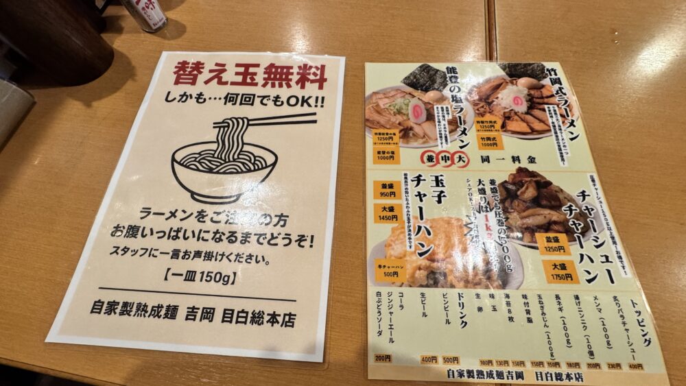 ラーメン注文で何度でも替え玉無料(1皿150g)。
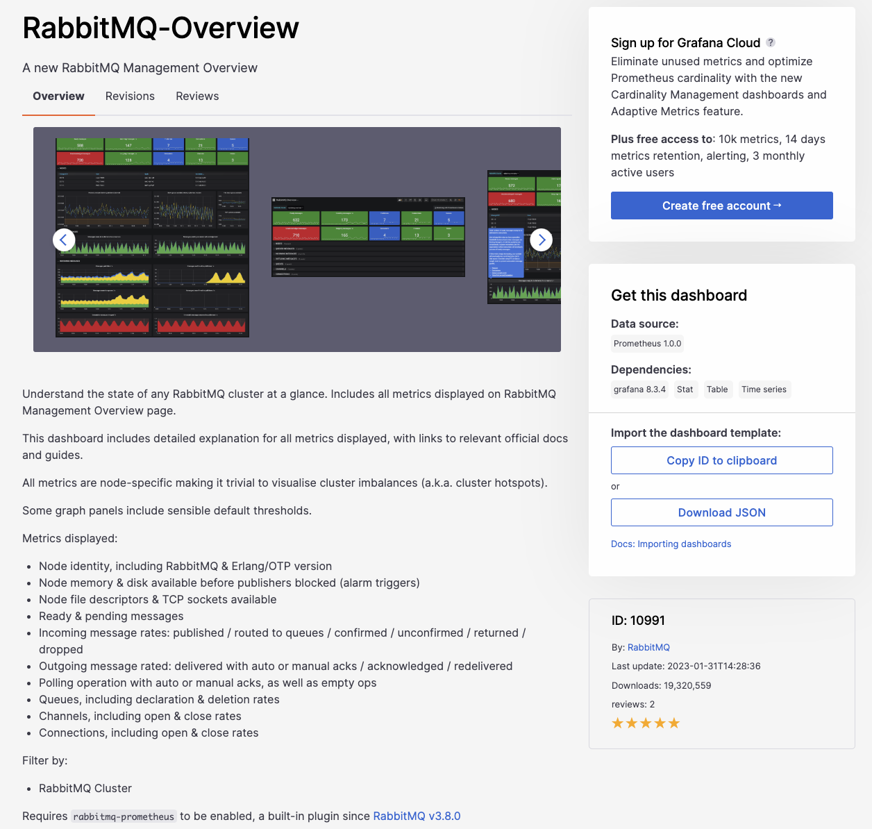 ㅇ GrafanaLabs, RabbitMQ-Overview 설명
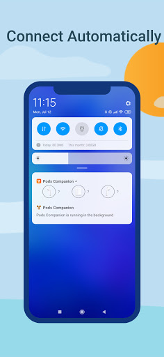- Nagpapakita ng abiso na may katayuan ng airpods kapag sila ay konektado.
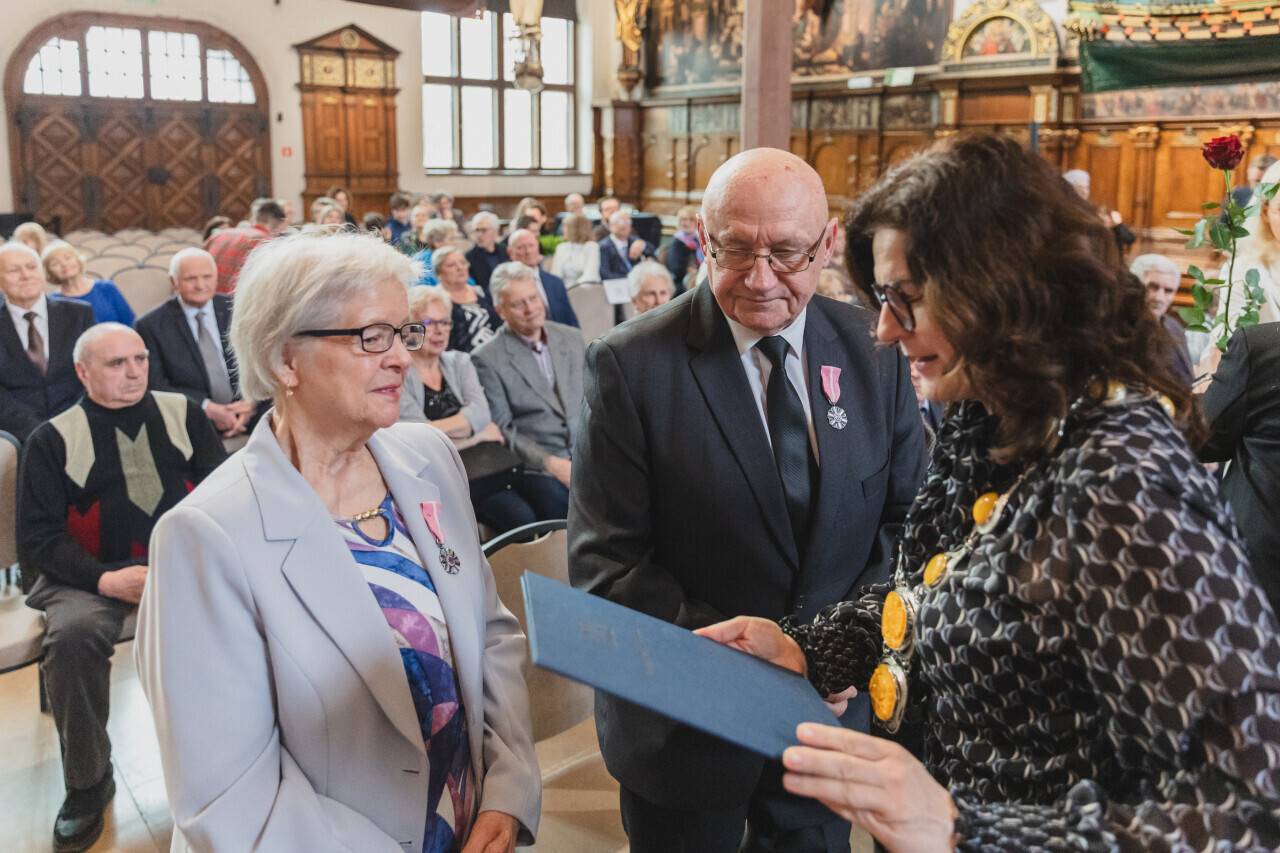 Gdańsk. Dwór Artusa. Jubileusz Par Małżeńskich - Złote Gody, podczas których Prezydent Gdańska Aleksandra Dulkiewicz wręczyła medale za długoletnie pożycie małżeńskie
****
Exercise instructions
Retype the listing exactly. Skip every picture.

Result of the exercise
 ラーメン注文で何度でも替え玉無料(1皿150g)。
 ㅇ GrafanaLabs, RabbitMQ-Overview 설명
- Nagpapakita ng abiso na may katayuan ng airpods kapag sila ay konektado.
 Gdańsk. Dwór Artusa. Jubileusz Par Małżeńskich - Złote Gody, podczas których Prezydent Gdańska Aleksandra Dulkiewicz wręczyła medale za długoletnie pożycie małżeńskie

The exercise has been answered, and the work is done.